Miami-Dade launches portal

Miami-Dade County, the largest metropolitan area in Florida, recently unveiled a portal that officials said would not only provide around-the-clock service, but would make government more efficient and accountable.

Although the portal was launched in April, Mayor Alex Penelas officially announced the site ( July 13. The portal, developed and hosted by IBM Corp. and EzGov Inc., includes the county's first three interactive functions, enabling people to:

    * Make occupational license renewals.

    * Pay parking tickets online.

    * Make requests for service, such as repairing a street pothole.

"I think this, over time, will allow us to collapse the space between citizens and the government," said Randy Witt, the county's chief information officer.

Miami-Dade, he said, has been studying, learning and planning for e-government applications since late 1999. A working group, including representatives from the county's 43 departments, talked with vendors and conducted a cost/benefit analysis of 170 interactive applications before narrowing the list down.

In addition to the current applications, Witt said the government is planning to develop eight more interactive applications, including paying property taxes online.
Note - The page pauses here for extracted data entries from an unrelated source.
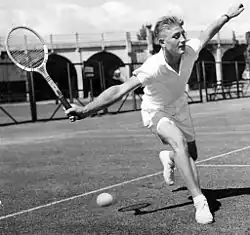 Hoad was unable to play the South Australian tennis championship in early January due to a torn ligament.[139] To some surprise he entered the mixed doubles event at the Australian Championships with his girlfriend Jenny Staley and the pair finished as runner-ups to Thelma Coyne Long and George Worthington.[140] In singles, he reached his first Grand Slam final after solid wins over Seixas (quarterfinal) and Hartwig (semifinal), but Rosewall's accuracy and control were too strong for him in the final and he lost in straight sets.[141] Hoad won the Northern Suburbs tournament in Sydney in February against Geoff Brown.[142] and defeated Rosewall in the final of the N.S.W. Hardcourt Championships in March.[143] Hoad did not participate in the French Championships as the Australian Davis Cup team only left for Europe at the end of May.[144] In the final of the Queen's Club Championship in mid-June Hoad, who was married earlier that day to Jenny, lost his service seven times and the match to Rosewall in two sets. He won the doubles event partnering Hartwig.[145][146] Hoad was the fourth-seeded player at Wimbledon. In quarterfinals against seventh-seeded Budge Patty, his game lacked accuracy and he lost in straight sets.[147]
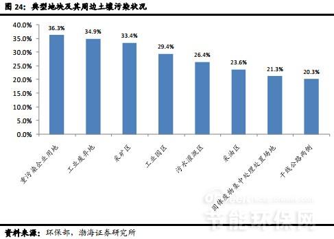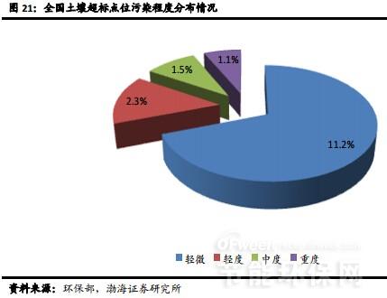 根據(jù)《全國土壤污染狀況調(diào)查公報》中不同土地利用類型土壤的點位超標率,測算目前我國受污染土地面積高達15.7億畝,其中中重度污染面積約2.8億畝,潛在修復市場空間巨大。根據(jù)環(huán)保部運用國際通行模型所作的預測,我國土壤修復市場帶動的投資規(guī)模將超過5.7萬億。
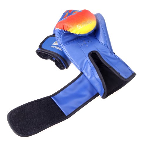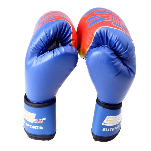 -. Title : 1 Pair PU Leather Boxing Gloves MMA Flame Muay Thai Training Punching Sparring Fighting 490g - Blue
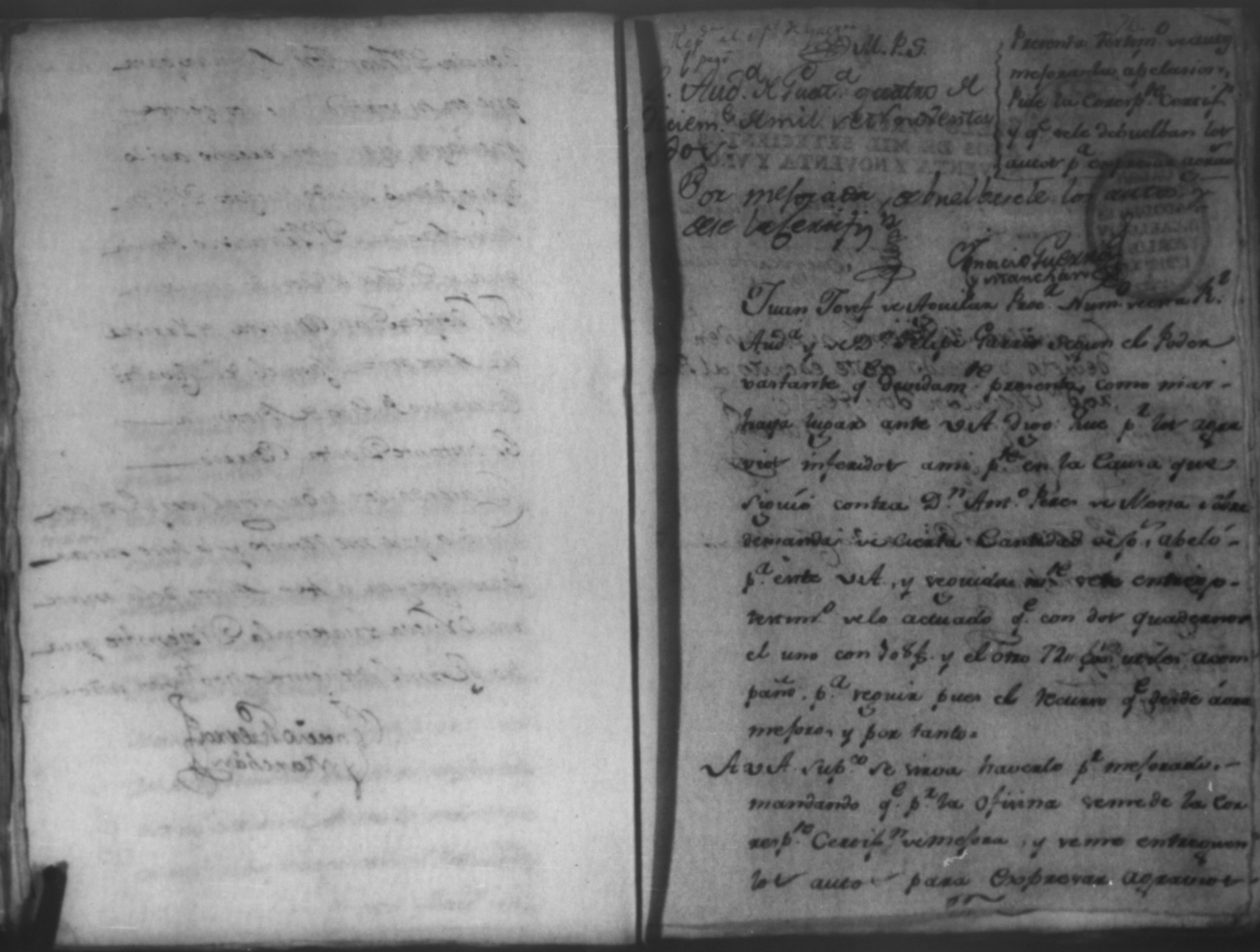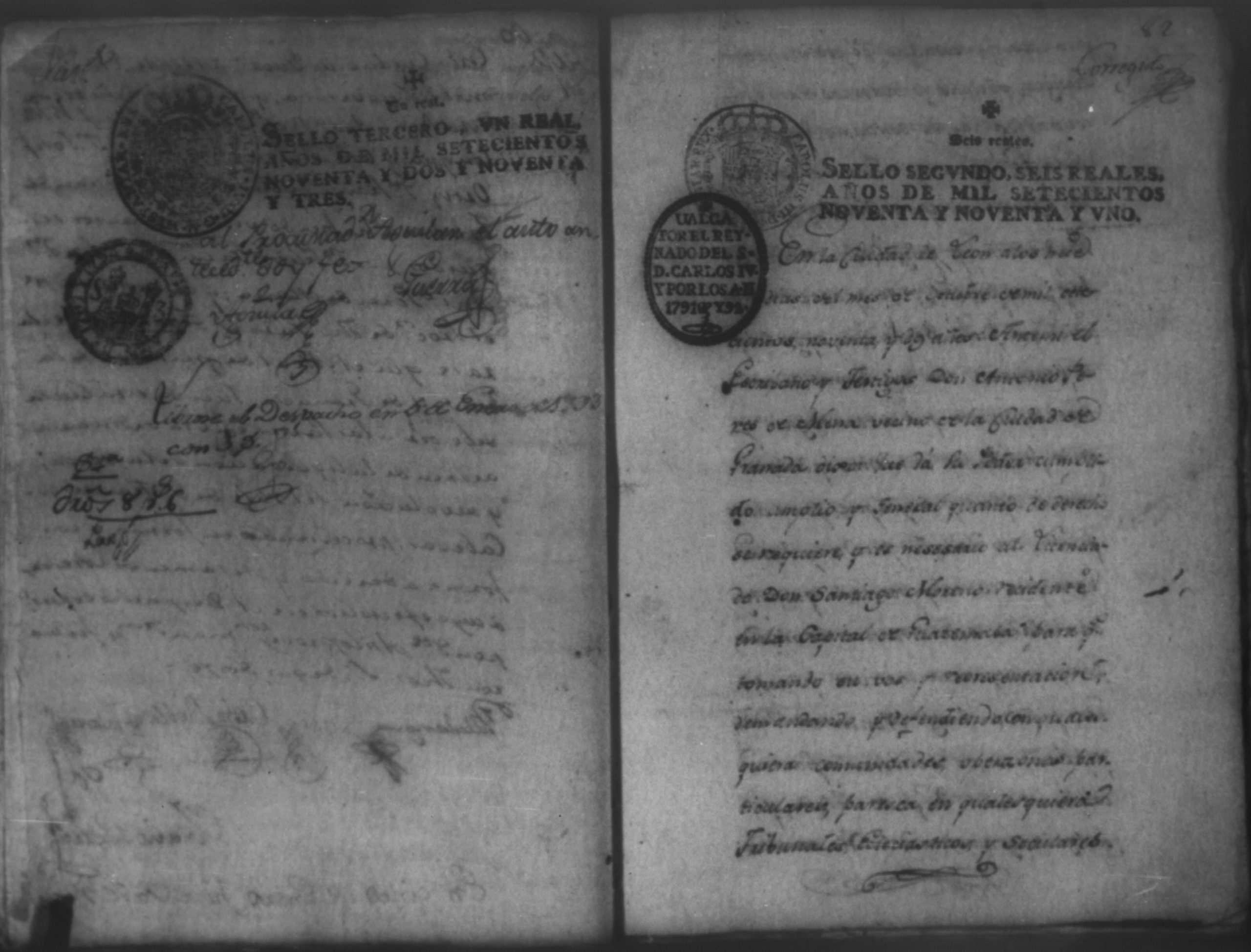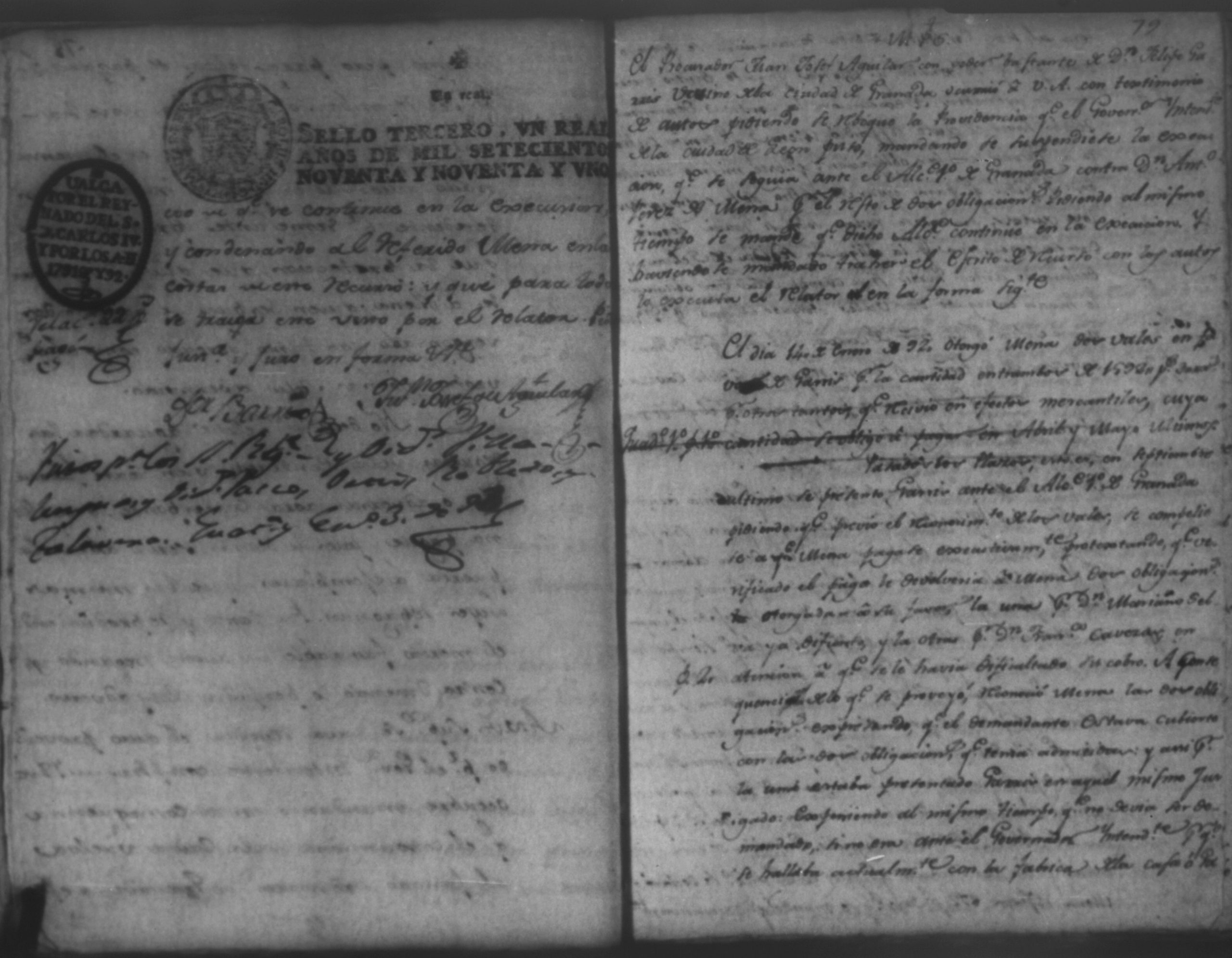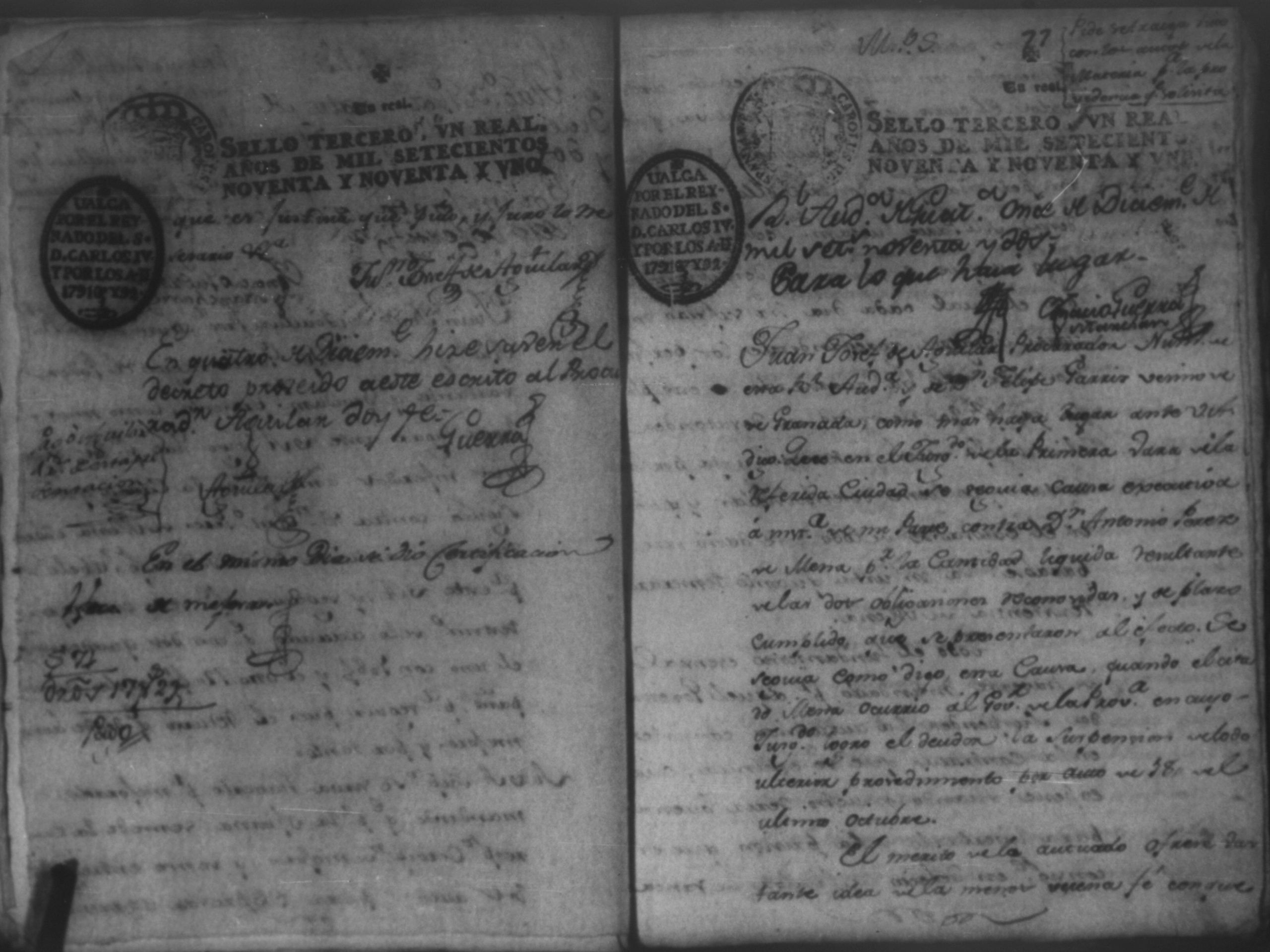 Temática: Audiencia León, 1793. Quaderno No. 2°. De los Autos que sigue don Felipe Garriz con don Antonio Mena, por cantidad de pesos. "[...] Pedido. Don Felipe de Garri del comercio de esta Provincia como mas haya lugar y en debida forma ante Vuestro Señor paresco y digo: Que hago presentacion de dos obligaciones otorgadas ambas á catorse de enero de esta año la primera de setecientos quarenta y tres pesos siete reales y la segunda de ochocientos quarenta y ochos pesos quatro reales por Don Antonio Perez Mena del comercio de esta ciudad... [por] Genero de ropa que tomó de mi tienda para el suministro de la suya, la primera cumplida ya en su plazo por Abril, y la segunda por maio de este mismo año y respecto á estas de Plazo vencido dichas obligaciones, á Vuestro Señor pido y suplico que haciendome por presentado con las referidas dos obligaciones reconocida la firma por Don Antonio Perez Mena se sirva mandar á este que dentro de tercero dia pague y satisfaga con el apercivimiento de la via efectiva, protestando como protesto [...]". (Extracto de los folios 1v. y 2)

He said the county is exploring other payment methods, such as electronic checking, in addition to the credit card option already in use. Witt also said he's "absolutely opposed" to charging convenience fees for citizen applications. "We make things cheaper and easier for us, and we're going to charge the citizens for it?" he asked.

The portal includes an easily navigable directory so users can search for services rather than departments, he said. The county has so many jurisdictions — including 30 municipalities, the South Florida Water Management Agency and the Metro-Dade Expressway Authority — he said it's difficult for citizens to figure out what agency performs what service.

Although the county has large Hispanic and Haitian communities, the portal is only offered in English. Witt said the county evaluated several translation programs and didn't find one that was satisfactory. He said the county does have call centers with people who speak Spanish and Creole.

Penelas said the translation problem is something the government will tackle and probably will develop a model for other governments to emulate. He said one of the main challenges in the county, which has about 2.5 million people, is the digital divide.

"We are a poor community. We are immigrant-rich," he said. "Not everyone has a computer at home."

He said he would be holding press conferences in public libraries to encourage people to go to their local library to access the portal.